Présentation

Yacht Class n°36 (mars-avril-mai 2024)

Sirena Marine

Le constructeur turc Sirena Marine rencontre un succès certain depuis cinq ans et cela devrait perdurer avec ce Sirena 48. Grâce à sa conception sûre et conviviale en extérieur, ses aménagements chaleureux et contemporains, et son aptitude à naviguer en souplesse, il incite à s’échapper pour des découvertes côtières de charme.

Texte : Christophe Varène – Photos : Jeff Brown

En cinq ans, le constructeur turc Sirena Marine, installé à Istanbul, peut s’enorgueillir d’avoir lancé une centaine d’unités dont quelques-unes de 35 à 50 m, coque acier et superstructures aluminium. La gamme de yachts Sirena comprend des modèles allant de 48 à 88 pieds, seul le 58 étant disponible en version Coupé. Le Cannes Yachting Festival 2023 fut donc l’occasion rêvée de découvrir le petit dernier de la famille, le Sirena 48 qui, s’il possède les mêmes concepteurs, Sirena Marine en l’occurrence, pour ses aspects extérieur et intérieur, doit sa carène à un grand nom de l’architecture navale, German Frers, bien que davantage renommé dans l’univers des voiliers. 

Du volume et du dynamisme

La silhouette du Sirena 48 est proche de celles de ses prédécesseurs, avec des lignes contemporaines marquées par la verticalité, depuis l’étrave droite, jusqu’au pare-brise. Pour éviter un effet massif, le bimini du flybridge est soutenu, non pas par des montants latéraux imposants, mais par une seule colonne centrale. Si l’ensemble coque, avec un franc-bord conséquent, et superstructures assume la recherche de volume pour l’habitabilité, l’aspect général est donc harmonieux et plutôt dynamique. Après cette vision extérieur, il est temps d’embarquer par la plate-forme immergeable (parfaite pour y installer l’annexe) et d’emprunter les trois marches qui mènent au cockpit. Ce premier espace extérieur séduit par le sentiment de sécurité qu’il dégage : les deux banquettes en vis-à-vis ferment l’espace sur les côtés et le balcon vitré celui vers la poupe. Dédié à la convivialité, à l’abri de la caquette du flybridge, ce salon, avec table basse pliante, se situe en contact direct avec l’intérieur. De là, des passavants courent vers la poupe où s’étale un immense solarium, avec un large appui-tête. Il est aussi possible de profiter de l’endroit avec la banquette située à l’étrave. Au milieu du passavant tribord, une porte donne directement sur le poste de pilotage intérieur, mais en position ouverte, elle empiète un peu sur ce passage extérieur.

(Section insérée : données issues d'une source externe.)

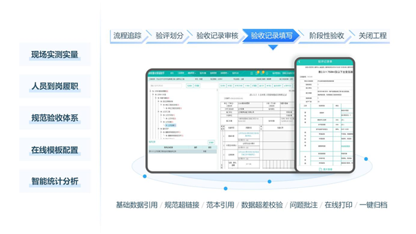 建立標準驗收量化體系,規(guī)范了工程驗收規(guī)范標準:系統(tǒng)建立了一套由工程創(chuàng)建、驗評劃分、驗評記錄、驗評臺賬、階段性驗收組成的驗收量化體系,規(guī)范了工程驗收量化標準,填補了工程驗收流程缺失的空白;
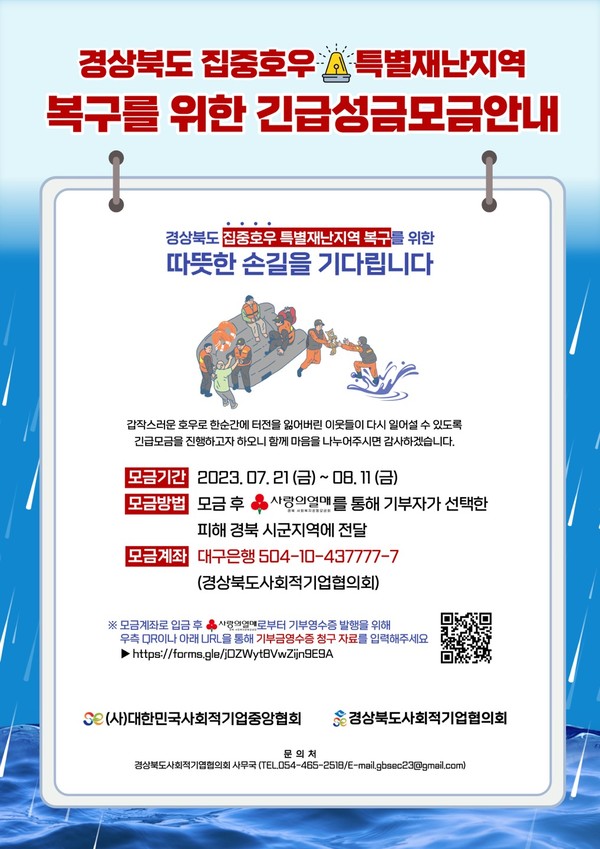 모금 기간은 8월 11일까지이며, 모금 계좌는 대구은행 (504-10-437777-7, 경상북도사회적기업협의회)이다. 모금 후 모인 성금은 경북사회복지공동모금회를 통해 피해지역에 전달할 예정이다.
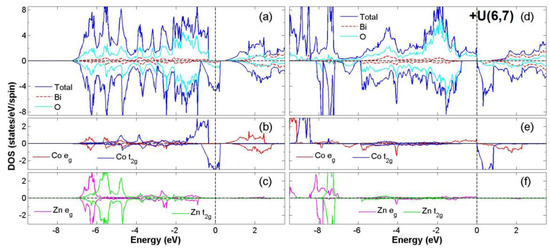Calculated FiM-Bi2CoZnO6 total DOS (a) and partial DOS of eg and t2g spin orbitals for Co (b) and Zn (c) under GGA and FM-Bi2CoZnO6 total DOS (d) partial DOS of eg and t2g spin orbitals for Co (e) and Zn (f) under GGA+U (Co = 6, Zn = 7) schemes.
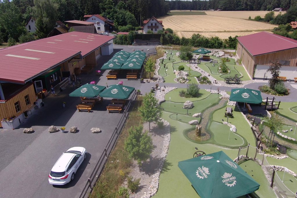 Wer Säger und Pottenstein kennt (oder googelt), der denkt zuerst an die Freizeitanlage der Familie Brütting mit ihrem urigen Abenteuer-Golf und nicht an die kleine Brauerei, die Johannes erst im Februar 2022 als 70. Brauerei der Fränkischen Schweiz gründete. Hier, wo es eine Brauereidichte gibt wie nirgendwo sonst in Deutschland, sorgt nun Johannes dafür, dass dieser Rekord gehalten werden kann. Die Biere sind traditionell: hell oder dunkel. Fertig. Nur zu besonderen Anlässen gibt es gelegentlich auch besondere Biere. Da dem Brauer sehr wichtig ist, was in den Kessel kommt, verwendet er, soweit es geht, einheimischen Bio-Hopfen aus dem nahen Anbaugebiet Lilling bei Gräfenberg von der Familie Friedrich. Alle Biere bekommt man frisch vom Fass im Biergarten. Zuvor empfiehlt sich eine Runde Abenteuer-Golf, damit man auch recht durstig wird. Dazu kann man hausgebackenes Sauerteigbrot aus dem Holzbackofen samt Hausmacher Wurstauflage genießen. Oder man steuert die süße Theke an und sucht sich aus den dort präsentierten selbst gebackenen Kuchen und Torten etwas aus.
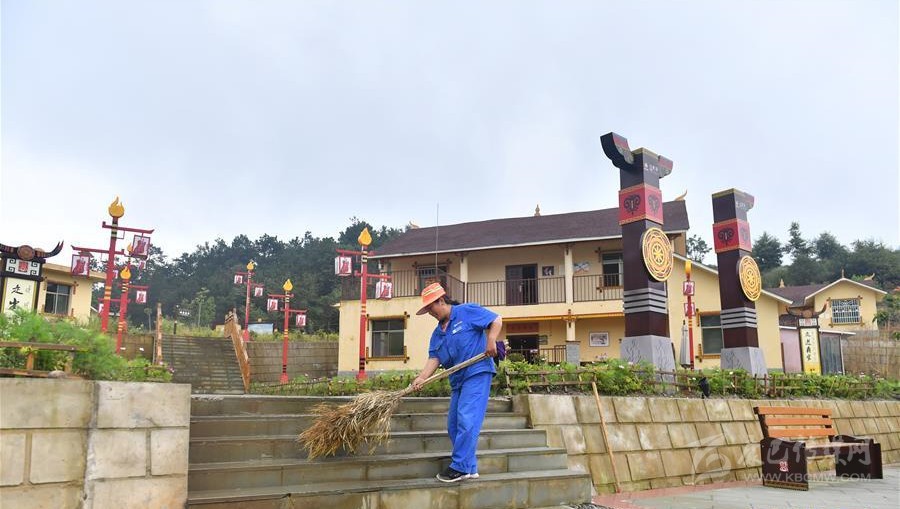9月7日,一名在景區工作的彝海村村民在清掃小廣場。
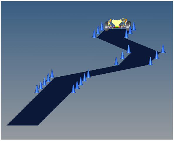 Double Lane Change eventは、1つのソルバー変数のSteer Path変数のみで構成されています。この変数は、必要な経路に沿って走行するためにハンドルに入力を適用するユーザーサブルーチンを呼び出します。
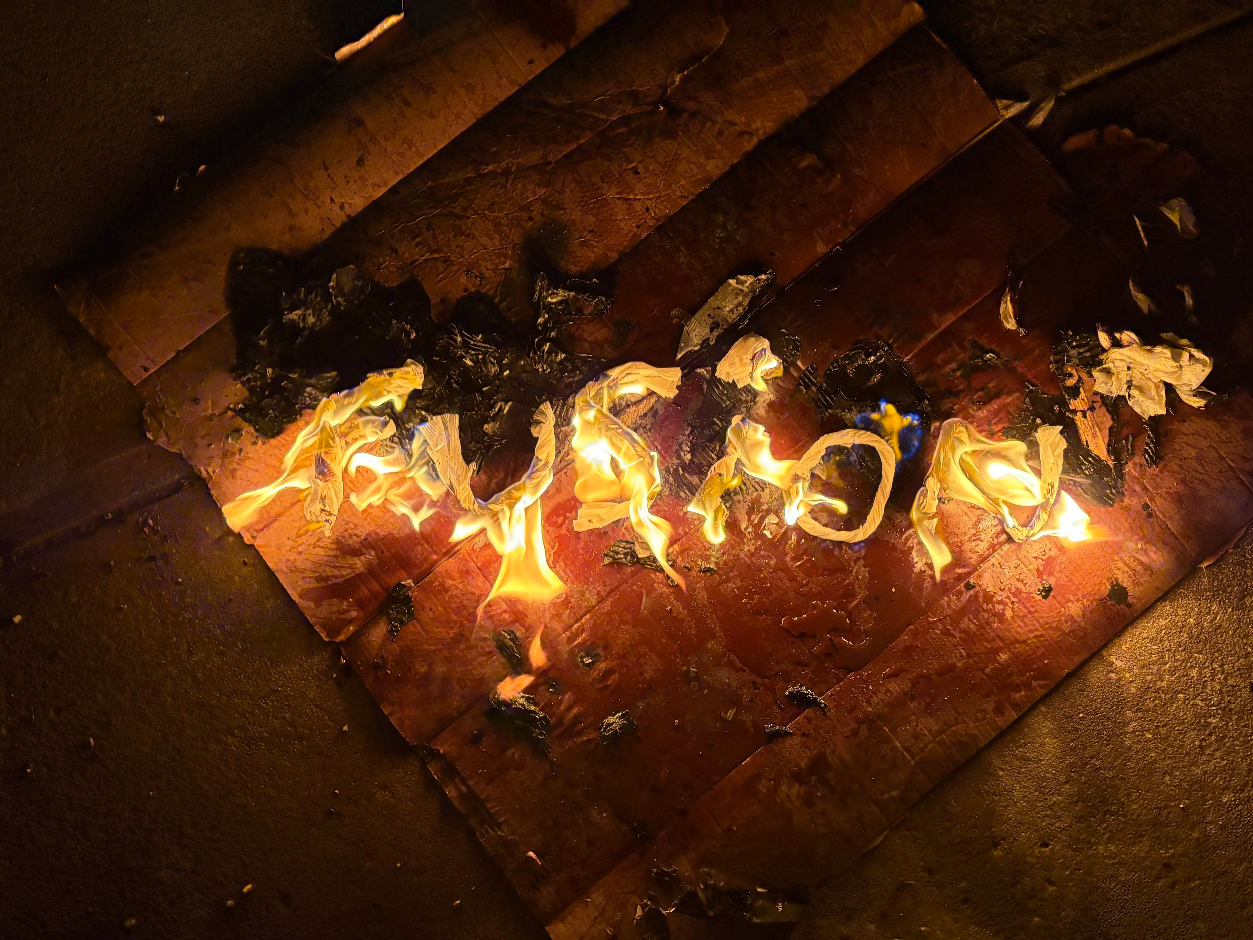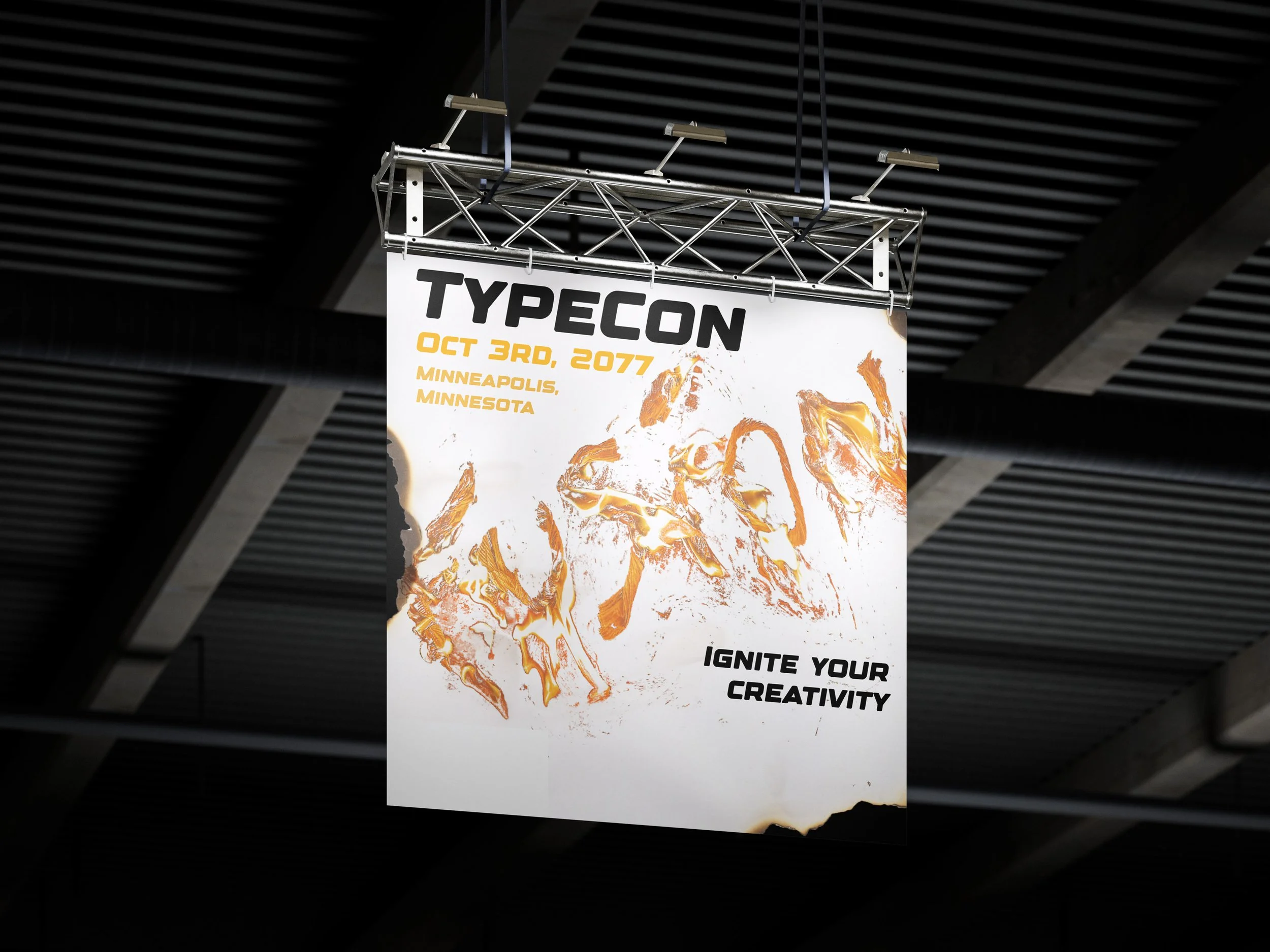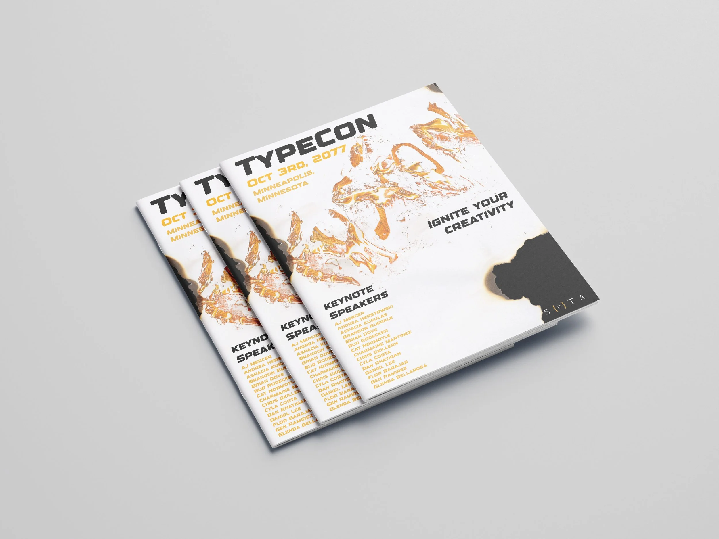 For my TypeCon project I picked the word “Fusion”, because I thought it was the one that resonated with me the most. Being energetic and fiery. So for the type on the cover I literally lit it on fire. I used paper towel rolls soaked in gasoline, arranged the letters , and then photographed them

Un flybridge multifonctions

Grimpons maintenant au flybridge par l’escalier qui, bien que raide, est facile à utiliser grâce à ses mains courantes. Cette grande terrasse possède différents usages. A l’arrière, le coin salon-salle à manger comprend une banquette en U, deux tables pliantes pour faciliter la circulation et un meuble cuisine. Au centre, le poste de pilotage se situe sur bâbord et une banquette sur tribord. Devant le pilote, qui profite d’une parfaite visibilité, l’instrumentation est plus que généreuse et toutes les commandes (volant, manettes, joystick) bien placées. Enfin, sur l’avant et en dehors de la protection du hard-top, un bain de soleil se veut accueillant et sécurisant avec ses dossiers qui l’entourent.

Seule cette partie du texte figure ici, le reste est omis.